Input:
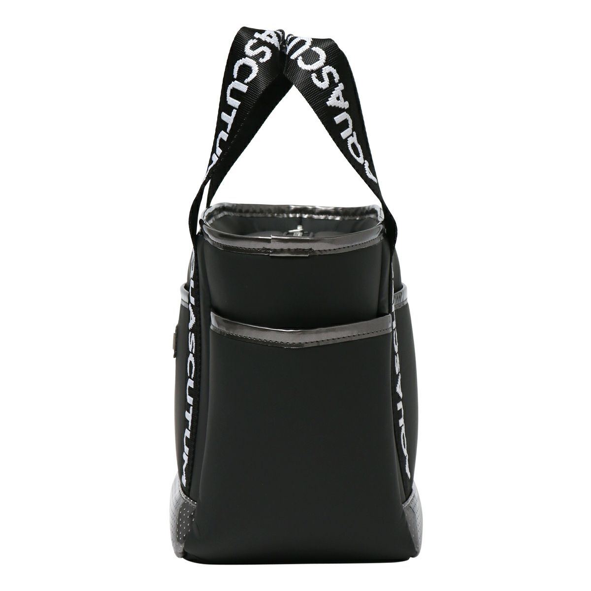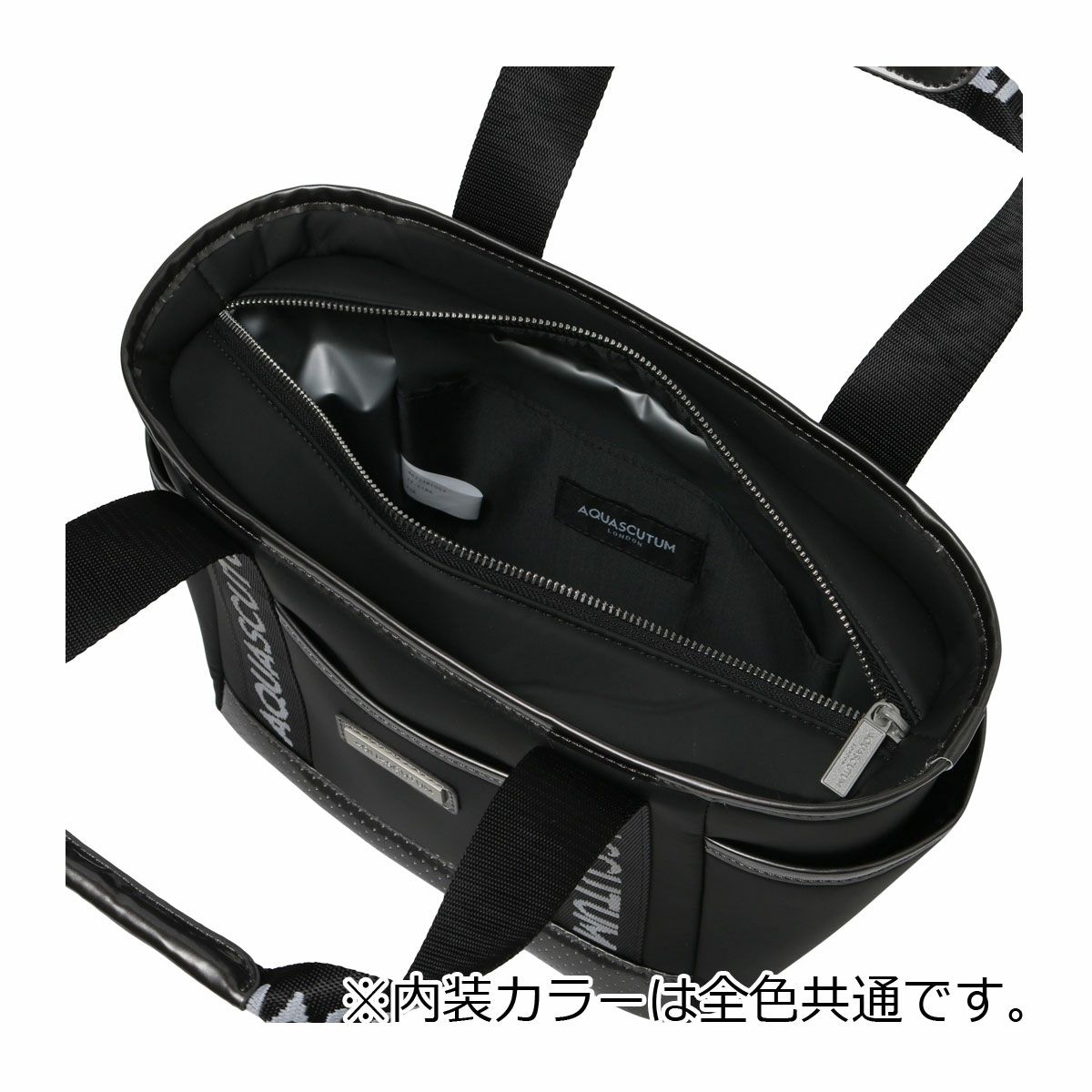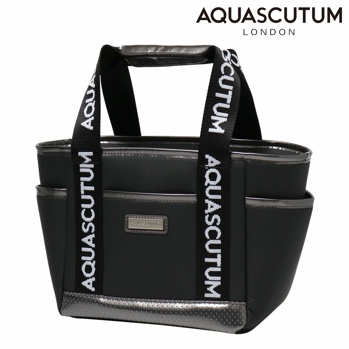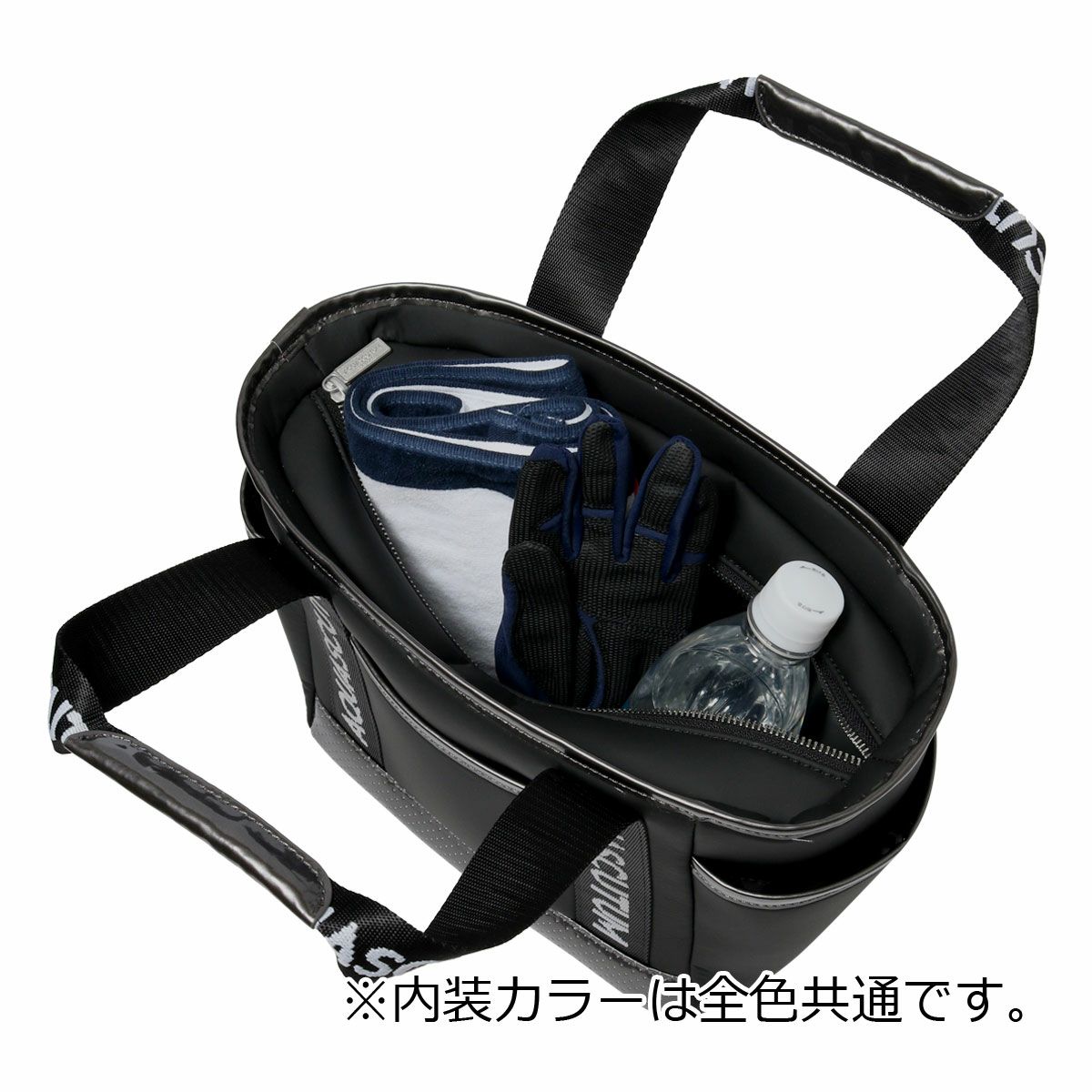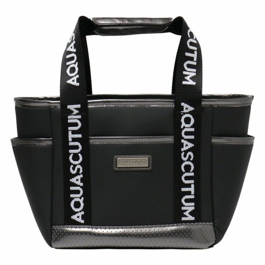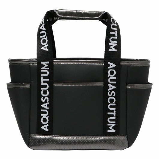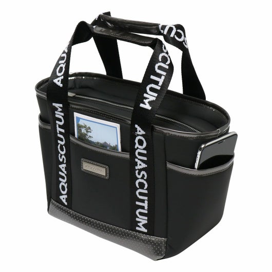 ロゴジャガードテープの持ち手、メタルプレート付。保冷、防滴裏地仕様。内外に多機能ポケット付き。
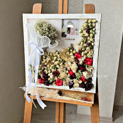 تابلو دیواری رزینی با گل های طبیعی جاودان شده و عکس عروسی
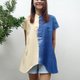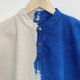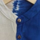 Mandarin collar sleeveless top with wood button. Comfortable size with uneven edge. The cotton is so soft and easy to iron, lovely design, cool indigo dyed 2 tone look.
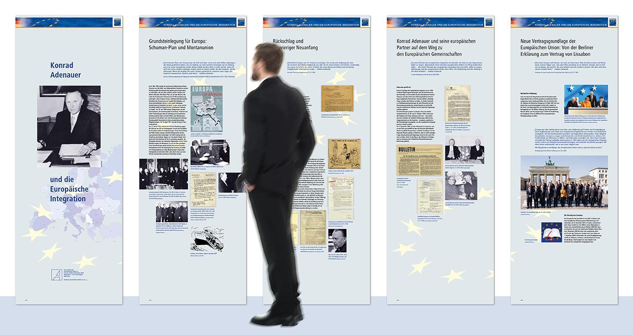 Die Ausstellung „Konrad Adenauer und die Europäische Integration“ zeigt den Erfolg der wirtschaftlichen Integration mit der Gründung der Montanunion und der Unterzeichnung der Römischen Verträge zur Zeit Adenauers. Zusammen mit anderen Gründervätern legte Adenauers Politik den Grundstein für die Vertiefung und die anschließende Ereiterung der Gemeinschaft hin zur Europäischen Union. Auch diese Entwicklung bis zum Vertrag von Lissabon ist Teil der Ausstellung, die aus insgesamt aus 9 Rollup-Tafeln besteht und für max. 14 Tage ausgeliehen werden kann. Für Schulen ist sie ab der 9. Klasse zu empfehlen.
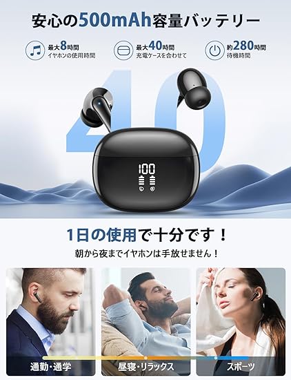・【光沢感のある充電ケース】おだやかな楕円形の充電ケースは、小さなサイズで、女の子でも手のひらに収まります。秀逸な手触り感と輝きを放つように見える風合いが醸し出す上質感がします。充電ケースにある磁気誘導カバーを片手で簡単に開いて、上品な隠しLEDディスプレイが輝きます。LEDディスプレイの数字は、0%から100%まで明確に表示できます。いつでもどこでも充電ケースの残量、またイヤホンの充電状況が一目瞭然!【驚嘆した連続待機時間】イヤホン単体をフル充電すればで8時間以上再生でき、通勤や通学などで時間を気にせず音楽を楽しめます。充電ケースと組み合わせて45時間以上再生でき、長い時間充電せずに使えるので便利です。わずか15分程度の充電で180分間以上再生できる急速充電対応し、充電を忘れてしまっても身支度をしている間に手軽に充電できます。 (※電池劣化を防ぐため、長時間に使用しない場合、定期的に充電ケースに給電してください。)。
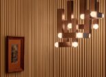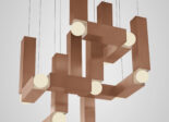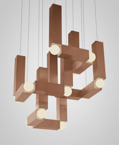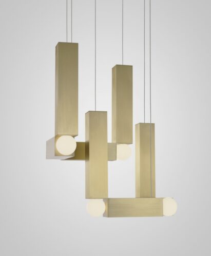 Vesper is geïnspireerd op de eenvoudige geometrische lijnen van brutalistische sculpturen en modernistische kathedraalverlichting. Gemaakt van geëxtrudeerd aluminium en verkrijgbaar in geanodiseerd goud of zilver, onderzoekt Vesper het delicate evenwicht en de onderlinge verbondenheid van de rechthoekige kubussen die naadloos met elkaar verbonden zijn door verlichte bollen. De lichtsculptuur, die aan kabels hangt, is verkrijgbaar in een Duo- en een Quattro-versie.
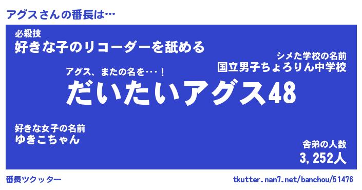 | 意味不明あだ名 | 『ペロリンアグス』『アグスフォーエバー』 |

Assignment:
Produce an exact copy of each line of data, skipping embedded images.

Answer to this exercise:
 ロゴジャガードテープの持ち手、メタルプレート付。保冷、防滴裏地仕様。内外に多機能ポケット付き。
 تابلو دیواری رزینی با گل های طبیعی جاودان شده و عکس عروسی
 Mandarin collar sleeveless top with wood button. Comfortable size with uneven edge. The cotton is so soft and easy to iron, lovely design, cool indigo dyed 2 tone look.
 Die Ausstellung „Konrad Adenauer und die Europäische Integration“ zeigt den Erfolg der wirtschaftlichen Integration mit der Gründung der Montanunion und der Unterzeichnung der Römischen Verträge zur Zeit Adenauers. Zusammen mit anderen Gründervätern legte Adenauers Politik den Grundstein für die Vertiefung und die anschließende Ereiterung der Gemeinschaft hin zur Europäischen Union. Auch diese Entwicklung bis zum Vertrag von Lissabon ist Teil der Ausstellung, die aus insgesamt aus 9 Rollup-Tafeln besteht und für max. 14 Tage ausgeliehen werden kann. Für Schulen ist sie ab der 9. Klasse zu empfehlen.
・【光沢感のある充電ケース】おだやかな楕円形の充電ケースは、小さなサイズで、女の子でも手のひらに収まります。秀逸な手触り感と輝きを放つように見える風合いが醸し出す上質感がします。充電ケースにある磁気誘導カバーを片手で簡単に開いて、上品な隠しLEDディスプレイが輝きます。LEDディスプレイの数字は、0%から100%まで明確に表示できます。いつでもどこでも充電ケースの残量、またイヤホンの充電状況が一目瞭然!【驚嘆した連続待機時間】イヤホン単体をフル充電すればで8時間以上再生でき、通勤や通学などで時間を気にせず音楽を楽しめます。充電ケースと組み合わせて45時間以上再生でき、長い時間充電せずに使えるので便利です。わずか15分程度の充電で180分間以上再生できる急速充電対応し、充電を忘れてしまっても身支度をしている間に手軽に充電できます。 (※電池劣化を防ぐため、長時間に使用しない場合、定期的に充電ケースに給電してください。)。
 Vesper is geïnspireerd op de eenvoudige geometrische lijnen van brutalistische sculpturen en modernistische kathedraalverlichting. Gemaakt van geëxtrudeerd aluminium en verkrijgbaar in geanodiseerd goud of zilver, onderzoekt Vesper het delicate evenwicht en de onderlinge verbondenheid van de rechthoekige kubussen die naadloos met elkaar verbonden zijn door verlichte bollen. De lichtsculptuur, die aan kabels hangt, is verkrijgbaar in een Duo- en een Quattro-versie.
 | 意味不明あだ名 | 『ペロリンアグス』『アグスフォーエバー』 |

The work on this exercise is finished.